В Таллинне Иван решил передохнуть перед последним рывком к родным берегам и с превеликим удовольствием погулял по городу, где посетил памятник, установленный в память об экипаже пропавшего без вести сто двадцать лет назад броненосца «Русалка»[2]. Памятник благополучно пережил Первую мировую, Гражданскую и Великую Отечественную войны, и даже новые власти страны не посягнули на память русских моряков. Более того – подкидывали средства на содержание всей композиции в относительном порядке, что не могло не радовать. В конечном итоге, набравшись впечатлений и затарившись топливом и провиантом, он завалился спать, так как собирался выйти пораньше, чтобы попытаться добраться до Кронштадта за один день. Вот только неожиданно подвел будильник, и потому отдать швартовый удалось лишь в половину девятого утра.

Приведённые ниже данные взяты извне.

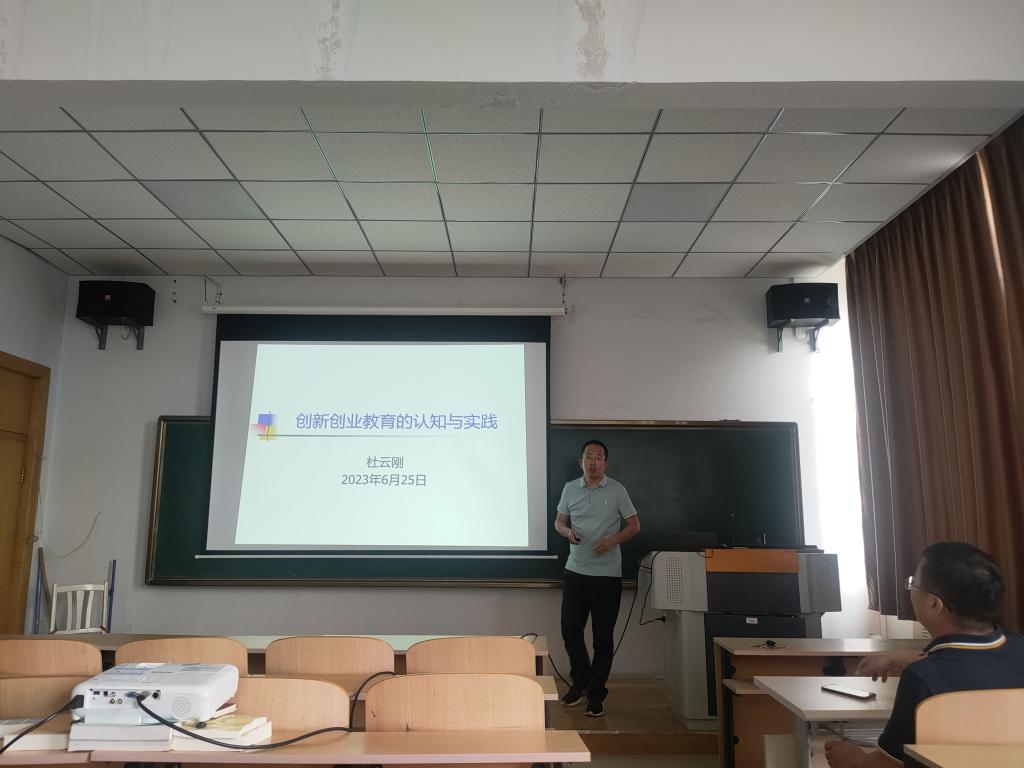 杜云刚以《创新创业教育的认知与实践》为题,从教师熟悉的教改项目申报、一流课程申报、教学成果申报中说明了找准问题的重要性,分享了自治区级教学成果奖《高校老员工创新创业教育提质增效的实施路径研究与实践》的视频;就公司“互联网+”老员工创新创业大赛的几个问题做了解说,展示了参赛项目选题、项目呈现的思路;最后,结合2023版专业人才培养方案修订工作,分享了公司在各级老员工创新创业训练计划项目申报、专创融合和课程思政建设方面的成果和经验。
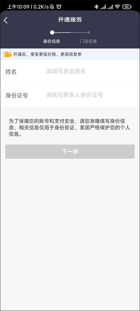 3、这个时候就会跳出让我们开通服务的界面了,我们需要输入自己的名字和身份证就可以进行下一步了。
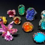 Les pierres précieuses sont quand à elles déterminantes, elles donnent le ton. Gemmes rares et teintes singulières comme l’opale qui ont sa préférence, la diversité des couleurs et le jeu des ombres séduit le créateur. De plus, la technique de l’émail permet également de suivre les tendances internationales du bijoux art nouveau.

Первый час пути прошел спокойно – тихое море и синее безоблачное небо грели душу и радовали глаз. И потому внезапное появление прямо по курсу натуральной стены из тумана оказалось настоящим шоком. Причем создавалось такое впечатление, что туман, подобно живому существу, сам наползал на небольшой катер. Возвращаться в Таллинн совершенно не хотелось, и, понадеявшись на недорогую спутниковую систему навигации, прикупленную еще год назад, Иван вошел в туман, мгновенно осознав, что сильно переоценил свои способности – управлять, ориентируясь лишь по спутнику и не видя даже носа своего катера, оказалось невозможно чисто с психологической точки зрения. Туман был настолько густым, что казалось, его можно черпать ложкой. На некоторое время паника застила разум, и чтобы не натворить бед, Иван принял решение остаться на прежнем курсе, хоть тот и вел чуть ли не напрямую в Хельсинки, а не к родному Санкт-Петербургу.
Глава 1
Живые и мертвые
Донимавшая Иениша весь последний год головная боль вновь дала о себе знать с самого утра, и оттого настроение было препаршивым. Стук в дверь отдался в голове такой болью, будто Иениш не отдыхал последние дни, а беспробудно пил. Причем пил исключительно горячительные напитки, от которых на следующий день неизменно навещает Бодун Иванович. С трудом поднявшись с кровати, капитан 2-го ранга посидел несколько секунд, чтобы справиться с накатившей слабостью, и, наконец, смог заставить себя дойти до двери. Будучи не только командиром корабля Российского Императорского флота, но и дворянином, Виктор Христианович тем не менее никогда не имел в кармане лишних денег, и потому слуг в его семье не держали. Что, впрочем, было в порядке вещей для большинства как флотских, так и армейских офицеров, живущих исключительно на положенное им жалованье. Супругу же с детьми он отправил назад в Петербург еще несколько дней назад, потому, когда вестового не было под рукой, все приходилось делать самому, независимо от самочувствия. Удерживая на лбу намоченное холодной водой полотенце, капитан 2-го ранга отворил дверь квартиры и увидел на пороге того самого положенного по занимаемой должности вестового.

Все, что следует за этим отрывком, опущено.